D´un point de vue technique, l´utilisation de la 3D est vraiment à contre courant. Si Michel Ocelot ne s´en cache pas et refuse de reproduire le côté << réaliste >> qu´offre la 3D, il nous livre une peinture en aplat (visages, vêtements, certains décors) qui ressemble plus à son Prince et Princesse. Usant du travelling pour faire entrer et sortir les personnages, les suivre et planter un décor sans perspective, Ocelot délimite bizarrement l´espace dans un premier plan qui défile horizontalement.

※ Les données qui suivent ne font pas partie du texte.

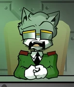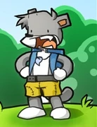 Leo is a flaming idiot and a born retard, who somehow manages to get by in society without ending up in a mental institution. Despite this, he does sometimes show signs of deeper intellegence, or at least some common sense. He is extremely gulliable, and often falls prey to the schemes of the other characters, from Johnny Evilguy's scams (such as the 8 monkey paws Leo bought from him) to the insane ramblings of the drunk Dr. Hobo. He even believes in chain mail (However in this case the chain mail really was telling the truth), and was tricked by Pantsman into becoming his sidekick (or more rather, his personal costumed butler) and helps fight crime (or more likely, playing pranks on the Justice Squad). Leo has also developed a taste for killing other living things such as electrifying orphans, burning sims, and vivasecting Winnie the Pooh. He seems to have gotten more sympathetic since The Perfect Gift, only time will tell if this is just temporary though. However it seems Leo and Aeris are now able to make simple conversations without Aeris raising her fist, even in the more recent comics.
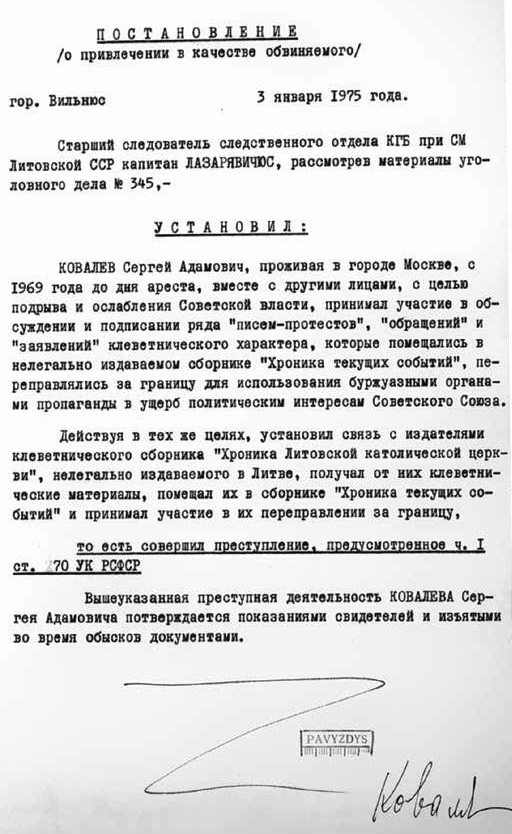 Ковалёва почти сразу этапируют из Москвы в Вильнюс — при обыске найдены три выпуска «Хроники Литовской католической церкви», он обвинён в их хранении и использовании материалов для подготовки соответствующих разделов «Хроники текущих событий». А значит, допрашивать и судить его будут в Литовской ССР.
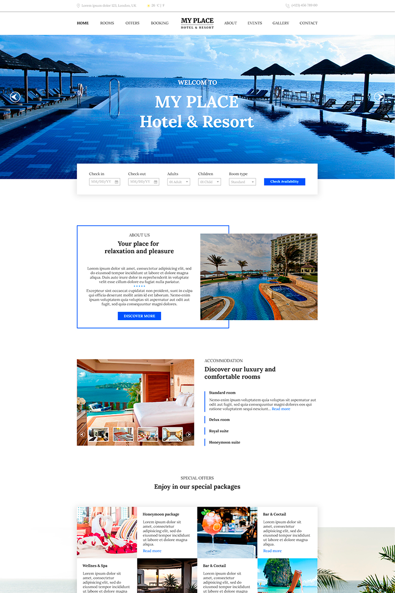 Download PSD шаблон "My Place | Hotel & Resort PSD Template" / My Place | Hotel & Resort PSD Template - PSD шаблон на тему отзывы об отелях hotel resort motel rooms travel booking clean modern professional business one-page home-page multipurpose responsive
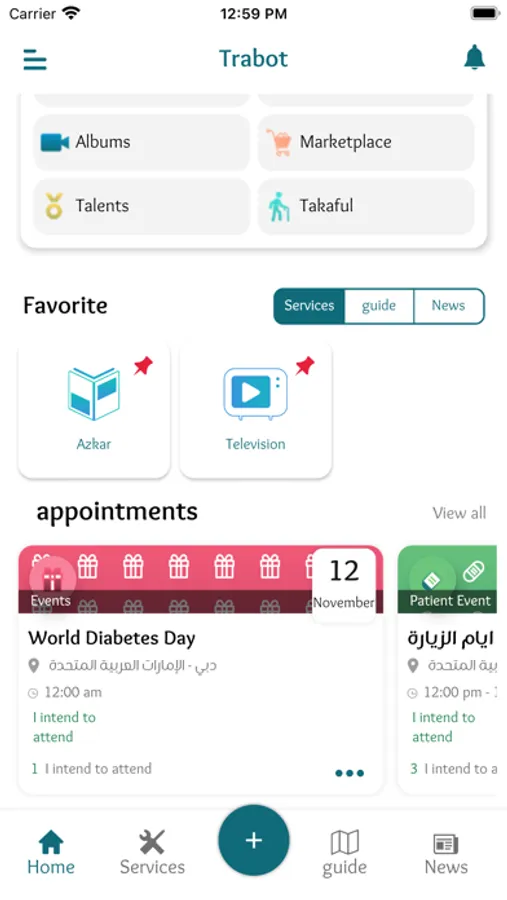 The application services are divided into only two parts. First, social services are (weddings - visiting a patient - occasions - deaths and condolences - know your neighbor - coordinating events - pictures and videos - home home products - talents - solidarity - delicacy - news)

Cette approche lui permet sans doute de rester fidèle à la définition du conte de fée, tout en offrant un film lisible, simple et linéaire. Il en va de même pour l´animation, volontairement étale et correspondant à la rigidité en aplat des personnages. Si leurs mouvements sont bien exécutés, ils sont englués dans un espace clos qui ne favorise pas l´évolution d´une autonomie recherchée. Il faut donc s´habituer à cette représentation et imaginer Ocelot comme un marionnettiste qui manipulerait deux ou trois personnages à la fois. La recherche artistique est évidente, la démarcation aussi, mais la réalisation controversée.
D´un point de vue narratif, le cinéaste concentre ses efforts autour des deux héros. Si le message est clair, il doit être simple et évocateur. Point de politique, de positionnement partisan ou de grille de lecture complexe ; nous sommes dans le conte et il s´agit d´évoquer par des décors merveilleux et des personnages imaginaires (l´oiseau, le lion, la fée des Djinn…), des thèmes concrets et contemporains qui touchent tout le monde. C´est sans aucun doute l´aspect le plus réussi du métrage. L´Orient et l´Occident structurent géographiquement un monde pluriconfessionnel qui nie le choc des cultures pour s´approprier le concept de fraternité. Le metteur en scène ne développe pas l´idée de tolérance (indulgence à l´égard de quelqu´un ou de quelque chose), mais celui d´amour. Relais entre un nord (Azur) et un sud (Asmar), la nourrice est une mère universelle. Nous sentons cette fraternité tout au long du film par le besoin d´aller voir l´autre pour le comprendre et se comprendre. Il faut dépasser les discriminations, souvent illusoires, car produites par nos stéréotypes. Azur se rend finalement compte qu´il a eu tort de fermer les yeux devant ce si beau pays. En acceptant de se dévoiler, il montre la voie du courage et du désir de vivre ensemble.
Si les thèmes évoqués sont forts et actuels, la mise en situation est parfois discutable et les personnages secondaires (Crapoux, la jeune reine) assez peu exploités. En se référent au conte, le réalisateur traite des symboles que sont l´amour et le respect (toutes les scènes non traduites en arabe montrent cette ambiguïté ente réalité et conte en nous rappelant l´histoire de ce grand peuple), mais ne puise pas assez sur l´incroyable potentiel d´une telle histoire.
En regardant le film nous nous demandons parfois où sont la féerie, la magie et la profondeur d´une telle évocation ? L´âme d´un dessin animé réside pour partie dans la justification de choix visuels, d´enjeux dramatiques et des interactivités supposées. Azur & Asmar n´est pas un film raté, loin de là, mais il n´approfondit pas assez la relation entre les deux << frères >> qui sont les représentants des thématiques de Michel Ocelot.
Film d´une rigueur et d´une honnêteté indiscutables, Azur & Asmar manque sans doute de rythme et de frénésie poétique qui réussi si bien à son confrère japonais.